We gather here in memory of twenty beautiful children and six remarkable adults. They lost their lives in a school that could have been any school; in a quiet town full of good and decent people that could be any town in America.

Here in Newtown, I come to offer the love and prayers of a nation. I am very mindful that mere words cannot match the depths of your sorrow, nor can they heal your wounded hearts. I can only hope it helps for you to know that you’re not alone in your grief; that our world too has been torn apart; that all across this land of ours, we have wept with you, we’ve pulled our children tight. And you must know that whatever measure of comfort we can provide, we will provide; whatever portion of sadness that we can share with you to ease this heavy load, we will gladly bear it. Newtown — you are not alone.

As these difficult days have unfolded, you’ve also inspired us with stories of strength and resolve and sacrifice. We know that when danger arrived in the halls of Sandy Hook Elementary, the school’s staff did not flinch, they did not hesitate. Dawn Hochsprung and Mary Sherlach, Vicki Soto, Lauren Rousseau, Rachel Davino and Anne Marie Murphy — they responded as we all hope we might respond in such terrifying circumstances — with courage and with love, giving their lives to protect the children in their care.

We know that there were other teachers who barricaded themselves inside classrooms, and kept steady through it all, and reassured their students by saying “wait for the good guys, they’re coming;” “show me your smile.”

And we know that good guys came. The first responders who raced to the scene, helping to guide those in harm’s way to safety, and comfort those in need, holding at bay their own shock and trauma because they had a job to do, and others needed them more.

And then there were the scenes of the schoolchildren, helping one another, holding each other, dutifully following instructions in the way that young children sometimes do; one child even trying to encourage a grown-up by saying, “I know karate. So it’s okay. I’ll lead the way out.”

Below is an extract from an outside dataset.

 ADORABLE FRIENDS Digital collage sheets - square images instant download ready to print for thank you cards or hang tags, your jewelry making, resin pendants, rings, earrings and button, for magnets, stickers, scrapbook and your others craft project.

As a community, you’ve inspired us, Newtown. In the face of indescribable violence, in the face of unconscionable evil, you’ve looked out for each other, and you’ve cared for one another, and you’ve loved one another. This is how Newtown will be remembered. And with time, and God’s grace, that love will see you through.

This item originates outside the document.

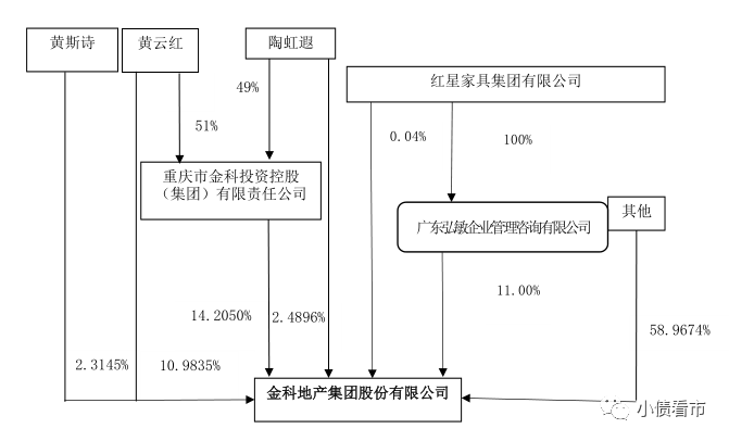 從股權(quán)結(jié)構(gòu)看,創(chuàng)始人黃紅云及其一致行動(dòng)人陶虹遐和黃斯詩間接和直接合計(jì)持有金科股份29.9926%的股權(quán),黃紅云為公司實(shí)際控制人。
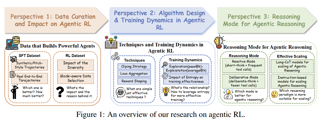 Demystifying Reinforcement Learning in Agentic Reasoning (Yu et al., 2025) - A comprehensive study dissects how to best fine-tune LLMs with RL for complex reasoning tasks. The authors investigate RL-enhanced “agentic” LLMs (models that use tools and multi-step reasoning) along three axes: the training data, the RL algorithm/hyperparameters, and the agent’s reasoning mode. Through extensive experiments, they identify several key practices for success: (i) Use high-quality, real interaction trajectories instead of stitched or simulated ones. Replacing synthetically stitched tool-use sequences with real end-to-end examples led to a much stronger starting model via supervised fine-tuning, and maintaining a diverse, model-aware dataset throughout RL greatly boosted performance. (ii) Apply exploration-friendly RL techniques. The study found that allowing the policy more freedom - e.g. using a higher clipping threshold on advantages, adding gentle reward shaping for long trajectories, and keeping some entropy (randomness) in the policy - is crucial for efficient training. These help the model explore solution paths rather than getting stuck. (iii) Optimize the agent’s reasoning style: A surprising insight is that less can be more - an agent that plans with fewer, more targeted tool calls and avoids overly verbose chain-of-thought actually achieves higher accuracy and tool efficiency. In other words, deliberative reasoning beats constant tool use or endless self-talk in these benchmarks. Implementing these practices, the authors show that even a 4B-parameter model can outperform a 32B model on complex agent benchmarks when using their improved RL recipe. They also release a high-quality dataset (with real tool-usage traces and an RL fine-tuning set) to serve as a strong baseline for future research. All together, this work provides a much-needed empirical guidebook for RLHF-style training of reasoning agents, pinpointing what actually moves the needle in making LLMs more effective decision-makers.

But we, as a nation, we are left with some hard questions. Someone once described the joy and anxiety of parenthood as the equivalent of having your heart outside of your body all the time, walking around. With their very first cry, this most precious, vital part of ourselves — our child — is suddenly exposed to the world, to possible mishap or malice. And every parent knows there is nothing we will not do to shield our children from harm. And yet, we also know that with that child’s very first step, and each step after that, they are separating from us; that we won’t — that we can’t always be there for them. They’ll suffer sickness and setbacks and broken hearts and disappointments. And we learn that our most important job is to give them what they need to become self-reliant and capable and resilient, ready to face the world without fear.

And we know we can’t do this by ourselves. It comes as a shock at a certain point where you realize, no matter how much you love these kids, you can’t do it by yourself. That this job of keeping our children safe, and teaching them well, is something we can only do together, with the help of friends and neighbors, the help of a community, and the help of a nation. And in that way, we come to realize that we bear a responsibility for every child because we’re counting on everybody else to help look after ours; that we’re all parents; that they’re all our children.

This is our first task — caring for our children. It’s our first job. If we don’t get that right, we don’t get anything right. That’s how, as a society, we will be judged.

And by that measure, can we truly say, as a nation, that we are meeting our obligations? Can we honestly say that we’re doing enough to keep our children — all of them — safe from harm? Can we claim, as a nation, that we’re all together there, letting them know that they are loved, and teaching them to love in return? Can we say that we’re truly doing enough to give all the children of this country the chance they deserve to live out their lives in happiness and with purpose?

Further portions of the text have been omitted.